Stored records:
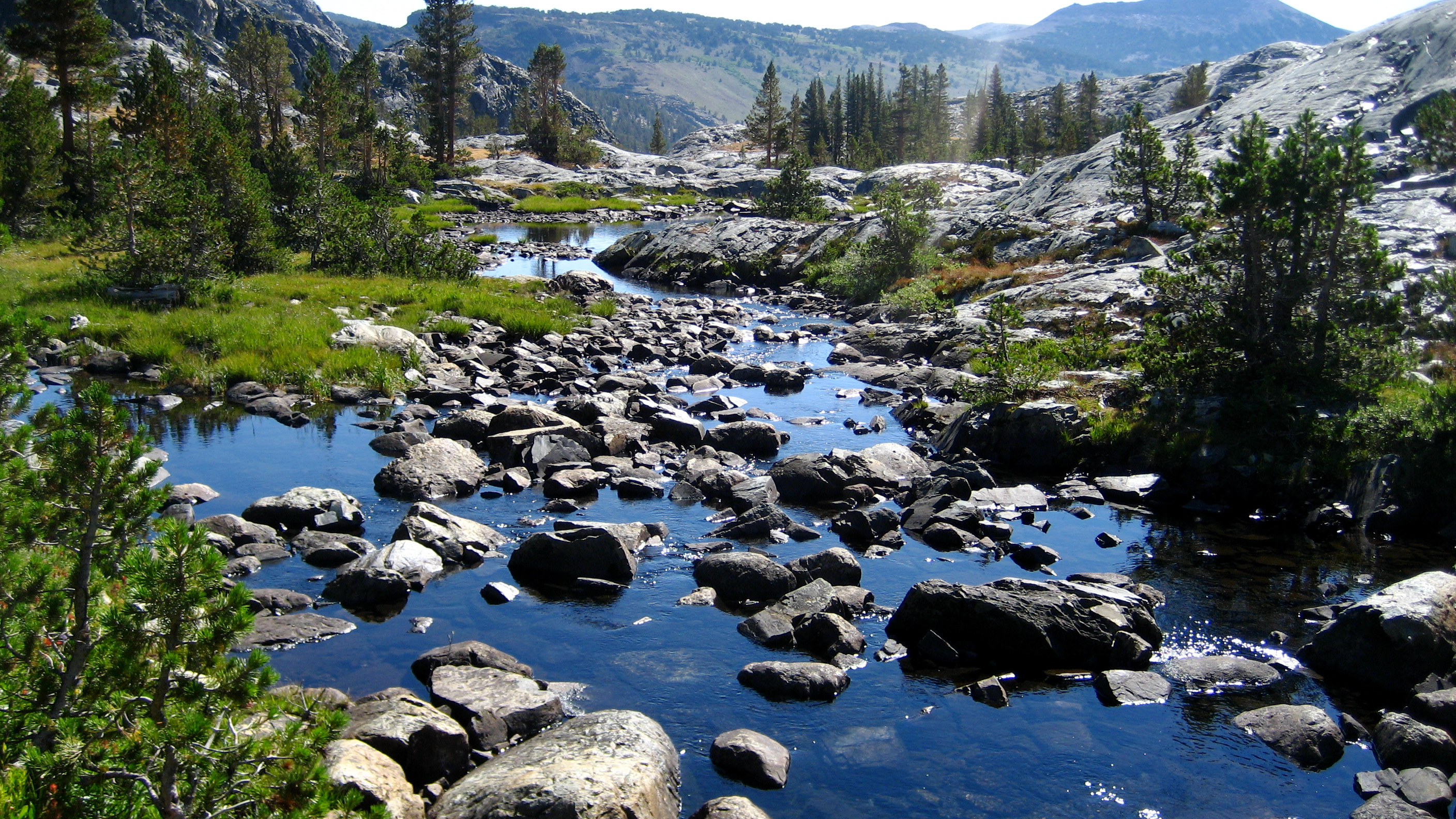 The San Joaquin River starts small at the outlet of Thousand Island Lake. Ansel Adams Wilderness, California.
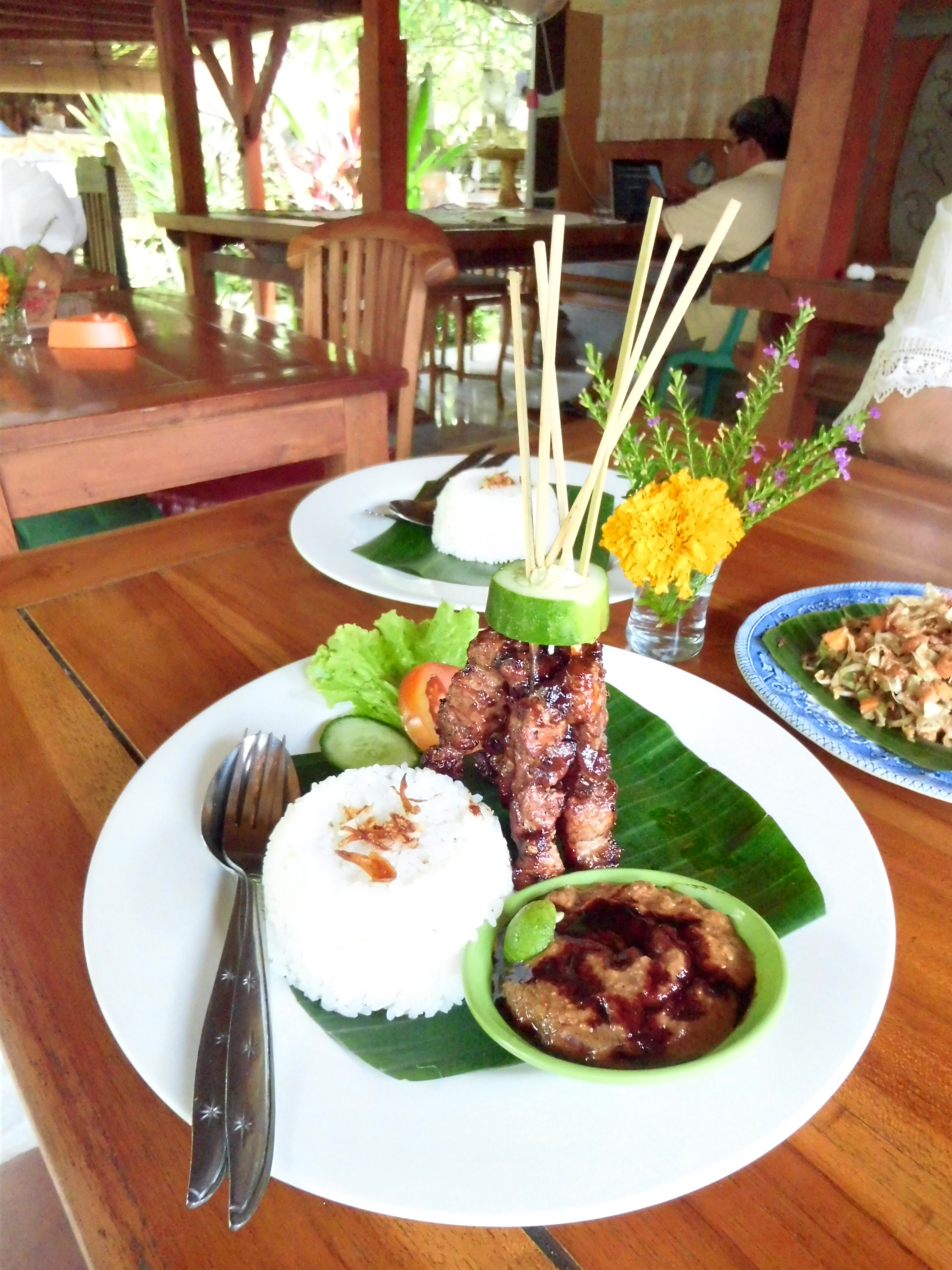 Balinese Sate Babi (pork satay) and Karedok (Sundanese salad in peanut sauce) served in a nice restaurant in Ubud, Bali, Indonesia.
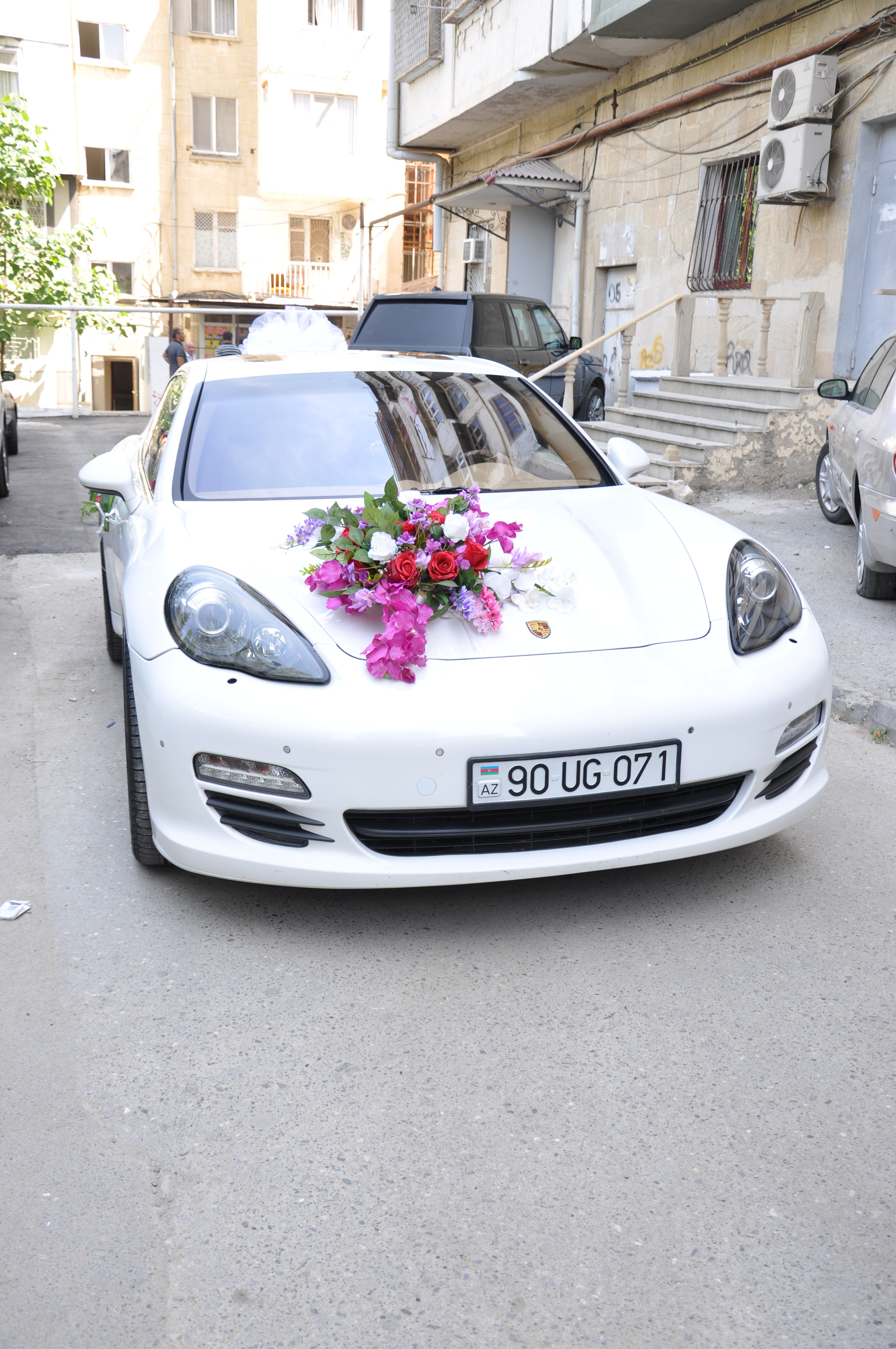 Modern wedding car in Baku
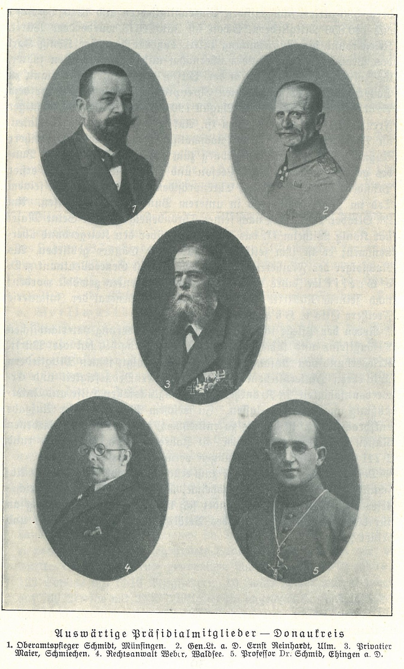 Fotograph of Carl Christian Maier (1851-1938), owner of a cotton spinning mill in Schmiechen (Schelklingen), deputy of the Representative Assembly of Württemberg (Landtag) for the Oberamt Blaubeuren, functionary of the veteran's association of Württemberg (Württembergischer Kriegerbund)
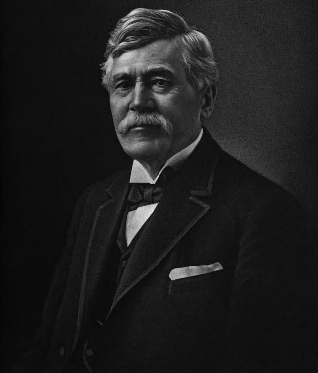 Abraham L. Keister (Pennsylvania Congressman)
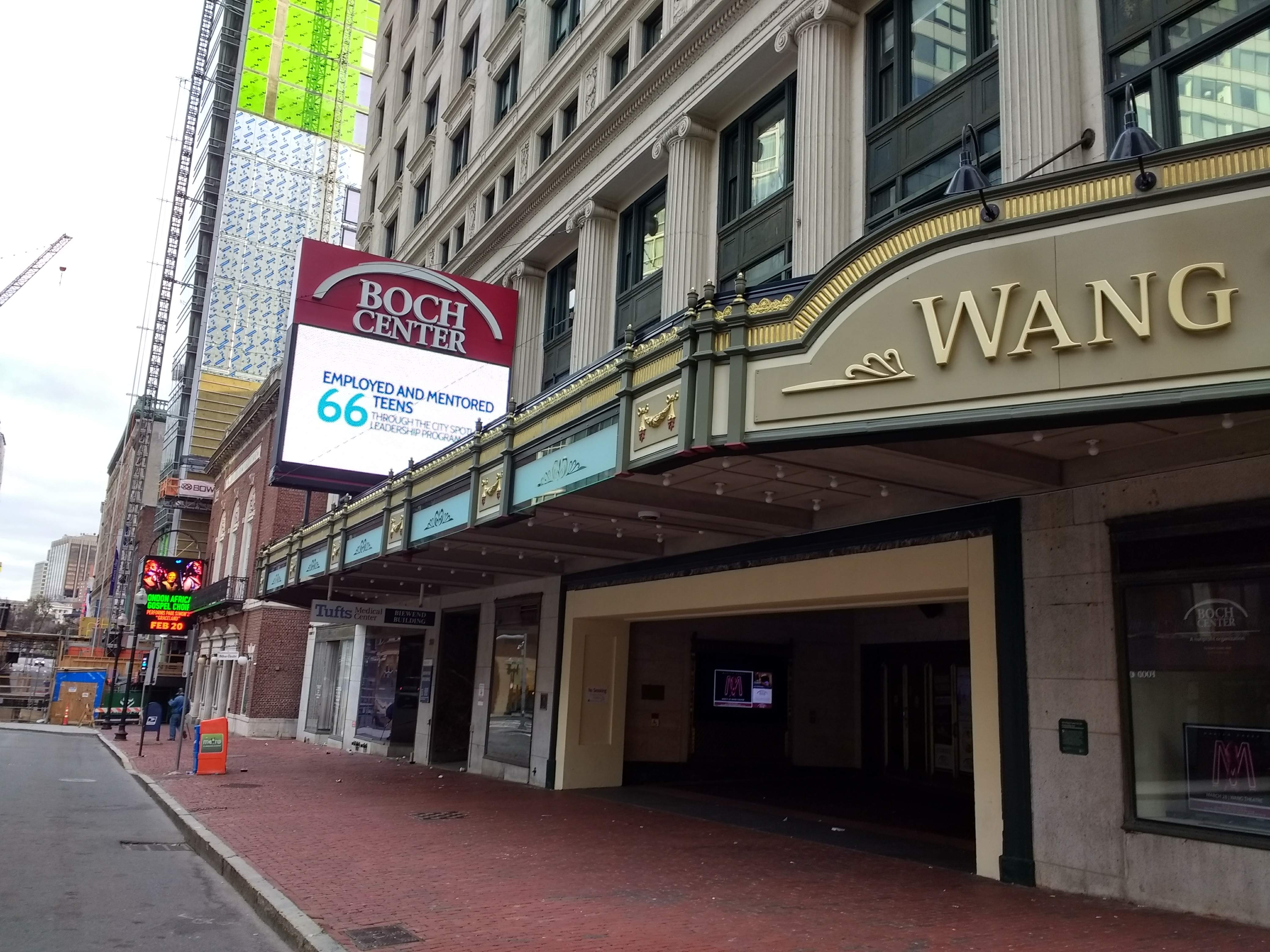 The main entrance to the Boch Center in Boston Massachusetts.
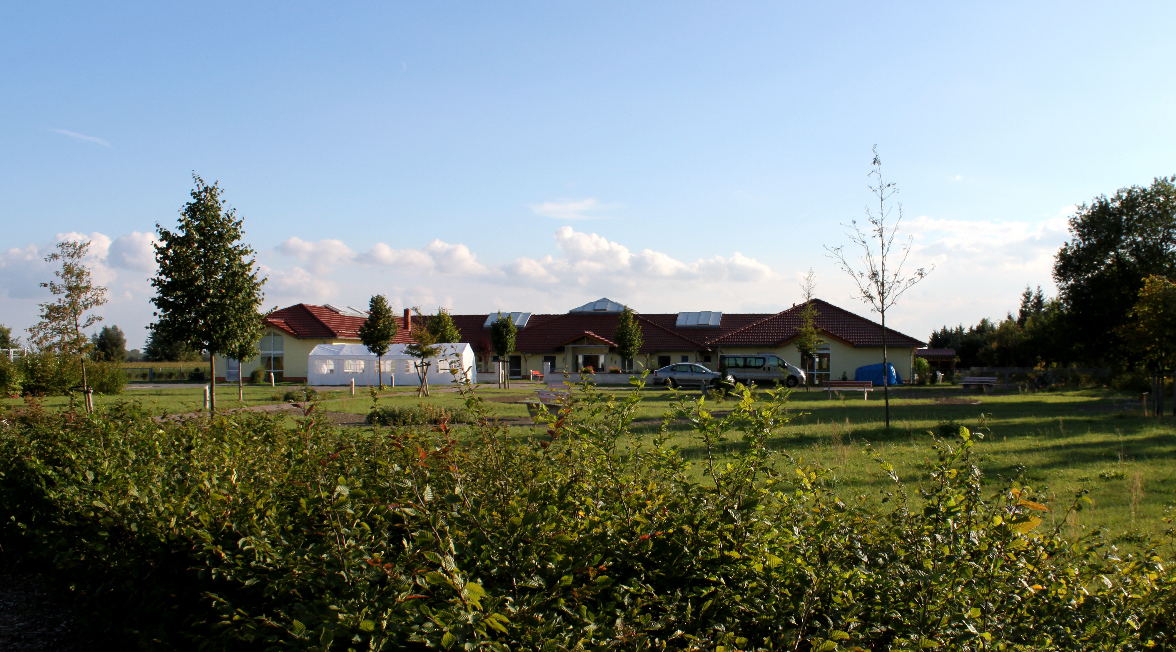 home for handycaped people
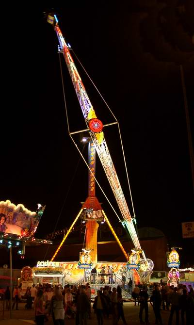 Turbo Force Cannstatter Wasen
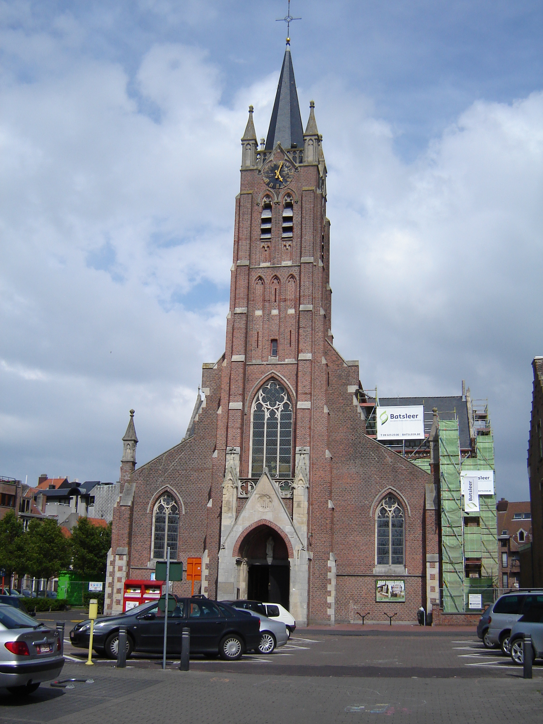 Church of Saint Anthony Abbot in Heist, Knokke-Heist, West-Flanders, Belgium.
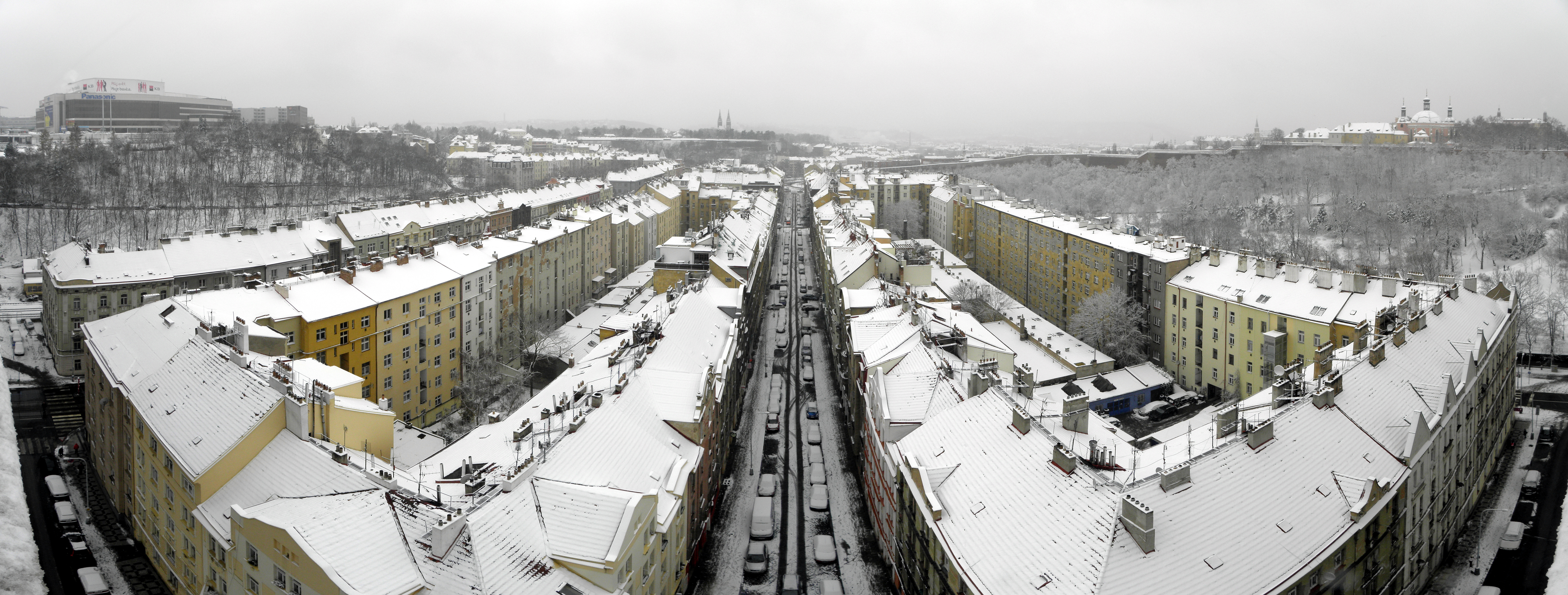 Nusle Valley from Nusle Bridge.
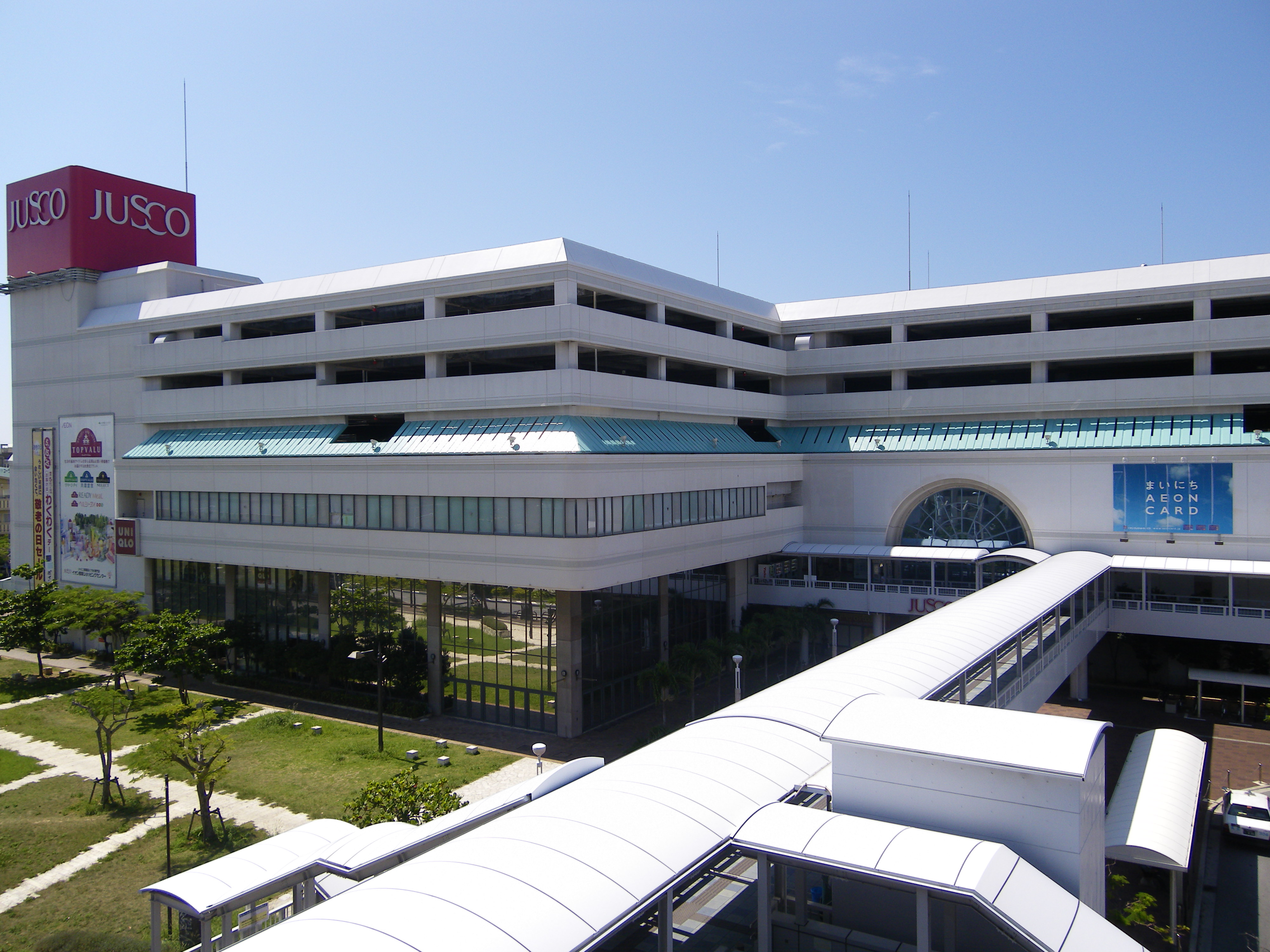 The building of ÆON Naha Shopping Center view from the Oroku Station

WORK REQUEST | Word for word and without pictures, please write out only the lines from the start of the entries through the line containing "Turbo Force Cannstatter Wasen", both included.

RESULT |
 The San Joaquin River starts small at the outlet of Thousand Island Lake. Ansel Adams Wilderness, California.
 Balinese Sate Babi (pork satay) and Karedok (Sundanese salad in peanut sauce) served in a nice restaurant in Ubud, Bali, Indonesia.
 Modern wedding car in Baku
 Fotograph of Carl Christian Maier (1851-1938), owner of a cotton spinning mill in Schmiechen (Schelklingen), deputy of the Representative Assembly of Württemberg (Landtag) for the Oberamt Blaubeuren, functionary of the veteran's association of Württemberg (Württembergischer Kriegerbund)
 Abraham L. Keister (Pennsylvania Congressman)
 The main entrance to the Boch Center in Boston Massachusetts.
 home for handycaped people
 Turbo Force Cannstatter Wasen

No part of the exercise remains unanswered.